Везде, от Восточной Европы до Аргентины, от Сиэтла до Бомбея, анархические идеи и принципы порождают новые радикальные мечты и замыслы. Часто их выразители не называют себя "анархистами". Существует множество других названий: автономизм, анти-авторитаризм, горизонтальность, сапатизм, прямая демократия... Тем не менее, во всех них можно найти те же основные принципы: децентрализация, добровольное объединение, взаимопомощь, сетевая модель, и, самое главное, это отрицание любой идеи о том, что цель оправдывает средства, не говоря о том, что дело революционера — захватить государственную власть и начать навязывать свои замыслы, угрожая оружием. Важнее всего, что анархизм, как этика практики — идея о построении нового общества "в оболочке старого" — стал главным вдохновителем "движения движений" (в котором участвуют авторы), которое с самого начала было меньше связано с захватом государственной власти, чем с разоблачением, делигитимизацией и демонтажем механизмов правления и в то же время борьбой за всё более широкие пространства автономии и коллективного управления в них.

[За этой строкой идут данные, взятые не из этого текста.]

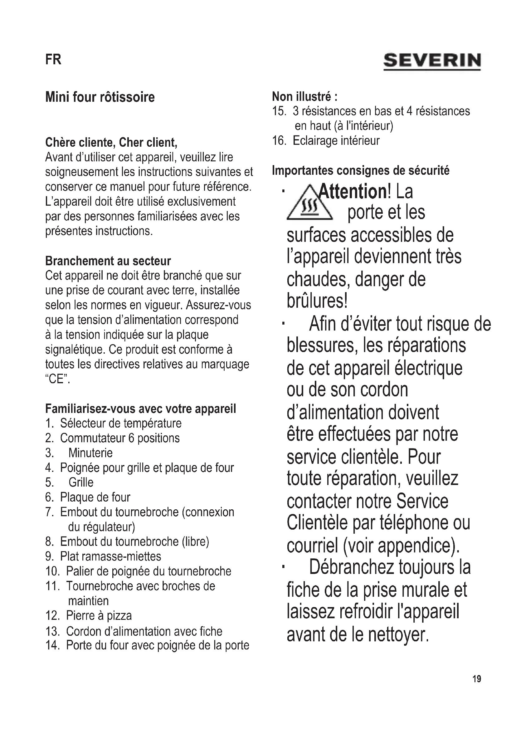 Mini four rôtissoire Chère cliente, Cher client, Avant d’utiliser cet appareil, veuillez lire soigneusement les instructions suivantes et conserver ce manuel pour future référence. L’appareil doit être utilisé exclusivement par des personnes familiarisées avec les présentes instructions. Branchement au secteur Cet appareil ne doit être branché que sur une prise de courant avec terre, installée selon les normes en vigueur. Assurez-vous que la tension d’alimentation correspond à la tension indiquée sur la plaque signalétique. Ce produit est conforme à toutes les directives relatives au marquage “CE”. Familiarisez-vous avec votre appareil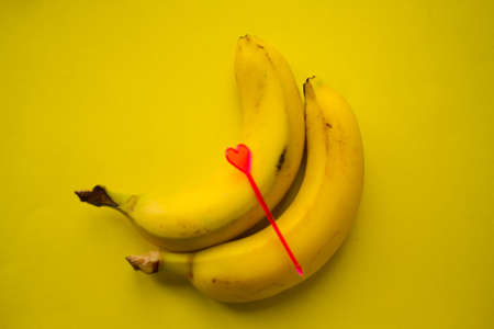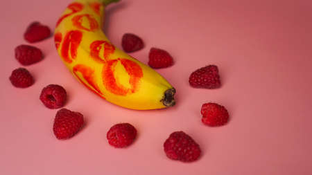 Red lipstick on a yellow banana on a pink background with banana raspberries. Love concept.

Вот некоторые очевидные причины призыва к анархическим идеям в начале XXI века: очевиднее всего, неудачи и катастрофы, как результат столь многих попыток победить капитализм посредством захвата контроля над государственным аппаратом в 20-ом веке. Всё больше революционеров начали осознавать, что "эта революция" не наступит как великий пророческий момент, штурм какого-нибудь глобального эквивалента Зимнего дворца, а как очень долгий процесс, продолжающийся большую часть истории человечества (даже если он почти во многом ускоряется в последнее время), полной стратегий отступления и уклонения не меньше, чем колоссальными конфронтациями, и который никогда не придёт — более того, как полагает большинство анархистов, никогда не должен прийти — к определённому заключению.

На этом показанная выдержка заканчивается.